UAVs equipped with inexpensive sensors provide imagery of disaster areas that are difficult to access for humans. However, their processing capability is limited due to energy-constrained resources and low-compute devices, resulting in delays in analysis and longer response times for relief operations. The competition aims to promote the use of on-device computer vision on UAVs, addressing challenges related to power consumption and latency.
The main objective of this project is to develop efficient semantic segmentation models for automatically analyzing disaster scenes from UAV-captured images. We will use the NVIDIA Jetson Nano 2GB Developer Kit as the embedded device to run the developed models.
- Python 3.6
- PyTorch 1.11.1
- NVIDIA Jetson Nano 2GB Developer Kit
- JetPack SDK 4.6.3
- Clone this GitHub repository to your local machine:
git clone https://github.com/SunJacques/LPCVC-2023.git- Install the necessary dependencies:
pip install -r requirements.txt- Install JetPack on your NVIDIA Jetson Nano device to ensure you have TensorRT installed. You can follow the official NVIDIA JetPack installation guide for detailed instructions on how to install JetPack on your Jetson Nano.
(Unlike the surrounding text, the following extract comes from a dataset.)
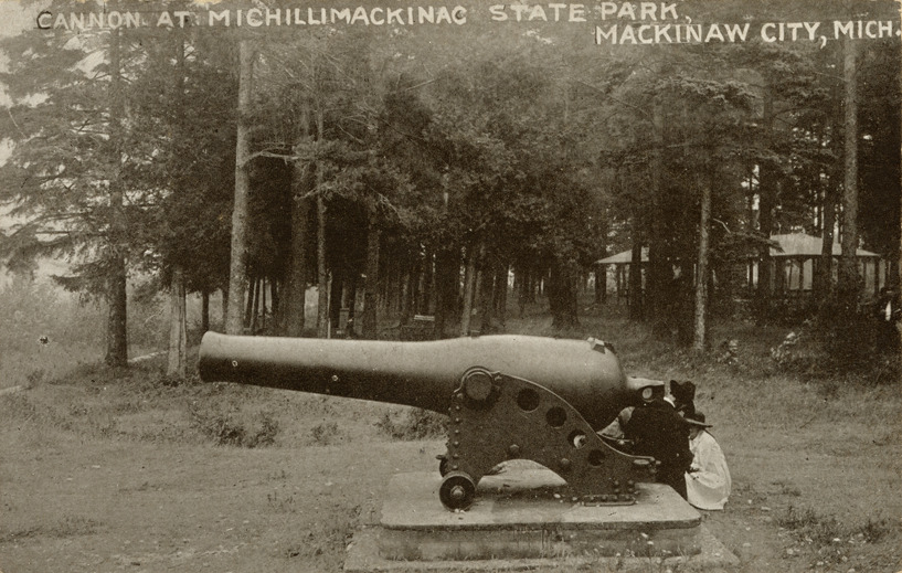 View of a cannon at Michilimackinac State Park, Mackinaw City, Michigan. Printed on front: "Cannon at Michillimackinac [sic] State Park, Mackinaw City, Mich." Printed on back: "V.O. Hammon Publishing Co., Chicago."

The dataset used in this competition consists of 1,700 samples of images collected by UAVs in disaster-affected areas. The dataset will be provided to the participants and should be placed in the dataset/ directory at the root of the project.
├── dataset
│ ├── train
│ │ ├── IMG
│ │ │ ├── train_0000.png
│ │ │ ├── train_0001.png
│ │ │ └── ...
│ │ └── GT
│ │ ├── train_0000.png
│ │ ├── train_0001.png
│ │ └── ...
│ │
│ │
│ └── val
│ ├── IMG
│ │ ├── val_0000.png
│ │ ├── val_0001.png
│ │ └── ...
│ └── GT
│ ├── val_0000.png
│ ├── val_0001.png
│ └── ...
├── README.md
├── train.py
└── ...The training and validation data can be downloaded from here.
To train the model, run the training script train.py:
python train.py --datapath dataset/ --epochs 100The trained model will be saved in the checkpoints/ directory.
To evaluate the model, run the evaluation script evaluate.py:
python evaluate.py --modelpath checkpoint/model.pth --datapath dataset/The evaluation results will be displayed on the terminal.
You can also evaluate the model on the NVIDIA Jetson Nano by using the evaluate_nano.py script:
python evaluate_nano.py --modelpath checkpoint/model.pth --datapath dataset/Make sure you have installed JetPack on your Jetson Nano to ensure compatibility with TensorRT.
- To submit your solution you have to zip it first :
solution.pyz: the zipped package of solution/.zipappshould be used to compress the package.
Recommended command where solution is the name to your directory: python3.6 -m zipapp solution -p='/usr/bin/env python3.6'
| Architecure | Backbone | Dice | Inference time on A100 (ms) | Inference time on Jetson Nano (ms) | Score |
|---|---|---|---|---|---|
| UNet (128, no augmentation) | / | 0.43 | 0.87 | / | / |
| UNet (128) | / | 0.52 | 0.85 | / | / |
| UNet (128) | ImageNet | 0.55 | 0.55 | / | / |
| UNet (256) | ImageNet | 0.6 | 0.65 | / | / |
| UNet (256) | MobileNetV2 | 0.65 | 0.94 | / | / |
| UNet (128) | EfficientNetB4 | 0.6 | 1.4 | / | / |
| FPN (128) | EfficientNetB3 | 0.63 | 0.8 | 36 | 18 |
| FPN (256) | EfficientNetB3 | 0.65 | 1.7 | / | / |
| FPN (256) | EfficientNetB0 | 0.63 | 1.1 | / | / |
| FPN (256) | MobileNetV2 | 0.65 | 0.8 | 50 | 13 |
| FastCNN (256) | / | 0.4 | 0.37 | / | / |
| PSPNet (256) | MobileNetV2 | 0.55 | 0.28 | 14 | 39 |
| PSPNET (256) | MobileNetV3 | 0.54 | 1 | / | / |
Daily Report
We researched existing architectures and decided to start with the UNet architecture. We also began familiarizing ourselves with PyTorch.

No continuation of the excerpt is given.